Populismo, una palabra gastada


Autor:
Por Gérard Mauger*
Pie de autor:
*Sociólogo
Traducción: Patricia Minarrieta
Texto:
Dos días antes del escrutinio europeo del 25 de mayo pasado, en
su primer acto de campaña, en Villeurbanne, el primer ministro
Manuel Valls llamó solemnemente a la “insurrección
democrática contra los populismos”. “Populismo”: ¿quién no
escuchó, en boca de los encuestadores, periodistas o sociólogos,
esa palabra-comodín con que se alude, aleatoriamente, a todos
los opositores –de izquierda o de derecha, votantes o
abstencionistas– a las políticas implementadas por los
organismos europeos?
La inconsistencia del sustantivo “populismo” responde, en parte,
a lo variado de sus usos. En el ámbito político, la historia de esa
etiqueta evidencia la amplitud del espectro que abarca: de la
visión idealizada de los campesinos, mistificados por el
populismo ruso (narodniki) a la revuelta de los granjeros del
People’s Party de Estados Unidos a fines del siglo XIX, de los
populismos latinoamericanos (Getúlio Vargas en Brasil, Juan
Perón en Argentina) al macartismo, del poujadismo al lepenismo
en el siglo XX, de Vladimir Putin a Hugo Chávez en la era de la
globalización, del United Kingdom Independence Party (UKIP) a
Amanecer Dorado, en la Europa del siglo XXI, o de Marine Le Pen
a Jean-Luc Mélenchon en el actual Hexágono. El dibujante Plantu
ilustró (literalmente), en el semanario L’Express (19-1-2011),
esta última confusión -hoy trivializada-, al representar a la
dirigente del Frente Nacional (FN) y al vicepresidente del Frente
de izquierda (FG) con el brazo en alto, ostentando ambos un
brazalete rojo y leyendo el mismo discurso: “¡Todos podridos!”

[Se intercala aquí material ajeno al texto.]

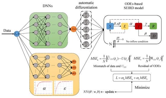 The PINNs framework is required to fit the data and simultaneously satisfy the equations, whereby the loss function includes two parts. The first part is the mismatch between the network output and the available data, and another part is the residual of ODEs. In this study, we employ the approximation to represent the time-varying SEIRD equations (Equation (3)). The parameters are optimized to achieve the best fit with the observed data. Considering the available data at times as training points (ground truth), the mean squared error (MSE) is calculated as follows:

En el campo literario, la palabra “populismo” hace su aparición,
en francés, en 1929: “disposición de la escritura”, en rebeldía
contra la novela burguesa pero apolítica, en oposición a los
escritores comunistas y a sus imágenes de Épinal proletarias,
este movimiento literario se propone “describir simplemente la
vida de la ‘gente sencilla’ (1)”.
Dentro del universo de las ciencias sociales, movido por una
intención política de rehabilitación de lo popular, este
movimiento aplica el relativismo cultural al estudio de las
culturas dominadas (Volkskunde ou Proletkult). Ignorando, o
restando importancia a las relaciones objetivas de dominación,
atribuye a las culturas populares el mérito de una forma de
autonomía, y celebra su resistencia, hasta invertir los valores
hegemónicos y proclamar “la excelencia de lo vulgar”. Pero
además, se ubica en las antípodas de una forma común de
desprecio que vincula a las clases dominadas con la incultura y la
naturaleza, cuando no con la barbarie. Característico de la
burguesía y de la pequeña burguesía cultivada, ese racismo
social se basa en la “certeza propia de una clase de monopolizar
la definición cultural del ser humano, y por ende de los hombres,
que merecen plenamente ser reconocidos como tales (2)”.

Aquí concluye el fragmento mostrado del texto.